You can replace the lettuce with grilled artichoke hearts. Add at the same time as the leeks.

In season, add asparagus or use it to replace the lettuce. Lay on top of the leeks.

Turn into a one pot: add 400g new or salad potatoes to the pot before the first high pressure cook.

Chicken with Lettuce, Leeks and Peas

Image of chicken with lettuce, leeks and peas


1 tbsp olive oil

100g bacon lardons

2 little gem lettuces, halved

6-8 chicken thighs, skin on

3 garlic cloves, finely chopped or grated

75ml white wine

2 sprigs of tarragon (+ more to garnish)

100ml chicken stock

15g butter

200g petit pois

2 leeks, cut into rounds

50ml single cream

Sea salt and freshly ground black pepper


Heat the olive oil in your pressure cooker. When it’s hot, add the bacon lardons and the little gems, cut-side down. When the bacon has browned and the underside of the lettuces have taken on some colour, remove from the pressure cooker.

Season the chicken thighs on both sides then fry, skin-side down, until well browned and becoming crisp. Remove from the cooker and add the garlic. Saute for a minute, then add the white wine. Allow to bubble up and stir to thoroughly deglaze the cooker, then return the chicken to the pan, making sure you leave it skin-side up. Tuck in the sprigs of tarragon. Pour over the chicken stock. Close the lid and cook for 6 minutes at high pressure, then fast release.

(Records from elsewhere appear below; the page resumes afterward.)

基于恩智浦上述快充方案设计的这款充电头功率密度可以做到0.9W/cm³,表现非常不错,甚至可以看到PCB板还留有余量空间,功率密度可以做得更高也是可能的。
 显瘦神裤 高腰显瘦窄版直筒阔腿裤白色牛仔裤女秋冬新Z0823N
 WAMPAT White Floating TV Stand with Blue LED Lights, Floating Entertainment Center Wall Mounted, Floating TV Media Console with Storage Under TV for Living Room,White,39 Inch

Add the butter to the pan and pour in the peas. Place the leeks on top, followed by the little gem lettuces. Scatter in the bacon. Bring up to high pressure again, then immediately remove from the heat and allow to stand for 2-3 minutes before releasing any remaining pressure. Stir in the cream and leave to simmer for a further 2-3 minutes. Serve garnished with a sprinkling of finely chopped tarragon.

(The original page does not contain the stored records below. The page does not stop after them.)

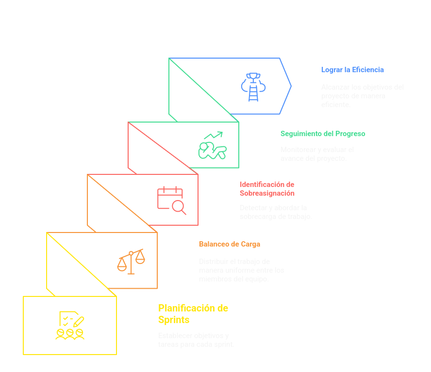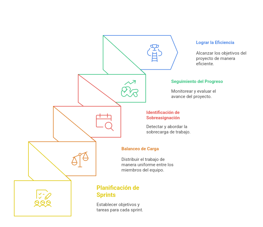 La planificación ágil permite organizar la ejecución del proyecto mediante la distribución de paquetes de trabajo en sprints. Esta vista facilita el balanceo de carga (revisión de sobreasignación) y el seguimiento del avance por sprints.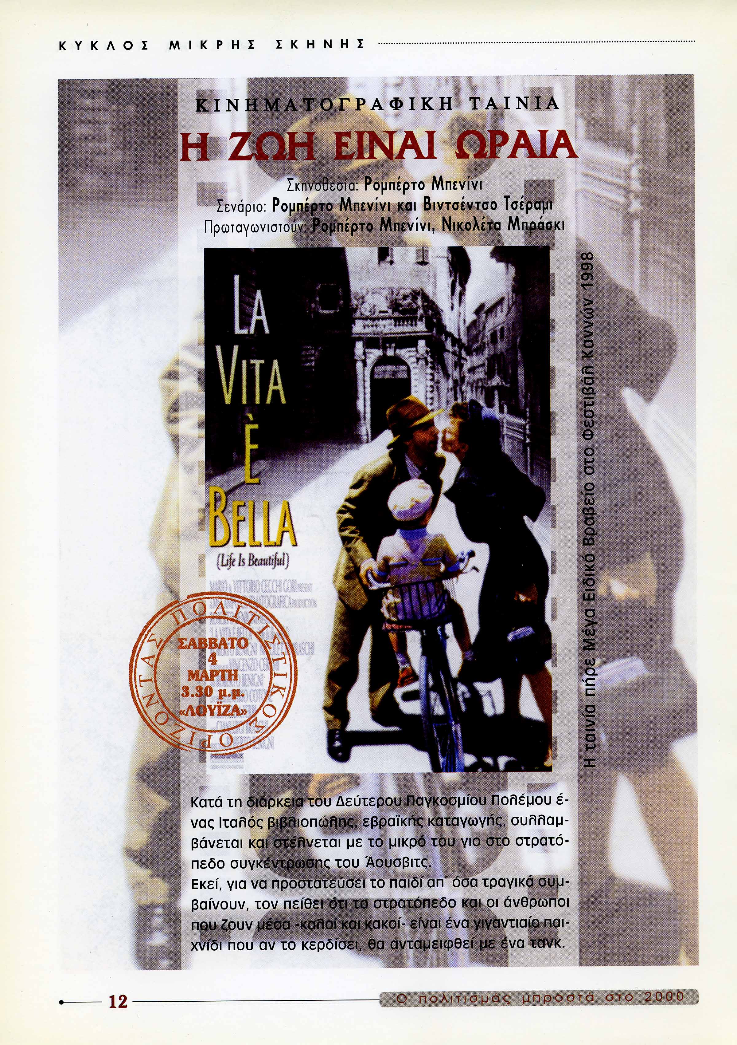 Πρωταγωνιστούν: Roberto Benigni, Nicoletta Braschi, Giorgio Cantarini
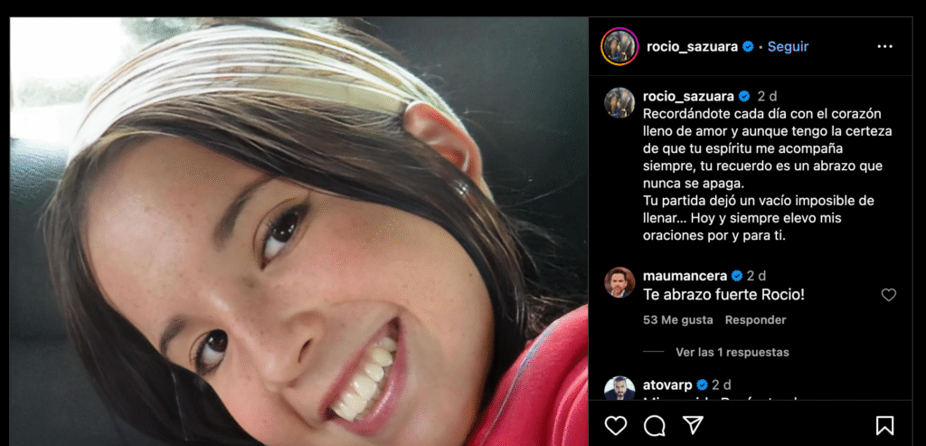 A seis años del fallecimiento de su hija Daniela, la conductora Rocío Sánchez Azuara compartió un mensaje cargado de amor, memoria y espiritualidad. A través de sus redes sociales, la presentadora de televisión rindió homenaje a la joven con una fotografía inédita y palabras que conmovieron a sus seguidores.

7 thoughts on “Cooking Under Pressure

    • It isn’t just about time though, it’s about fuel costs, money and – for me, the most important thing – the fact that you improve flavour. Which is why so many chefs (from Heston Blumenthal down) use them in their kitchens to make sauces, stocks etc. I think there is a misconception that because they save time, they must be deficient in some other way, but it honestly isn’t the case!

      • I agree with Catherine. You know, I had no intention of ever buying another pressure cooker, but I’ve been pleasantly surprised. They do push in the flavours. And I’m not sure what’s happening in the States but here people are really worried about rising energy prices. Our electricity bill was alarming enough already and things are getting worse.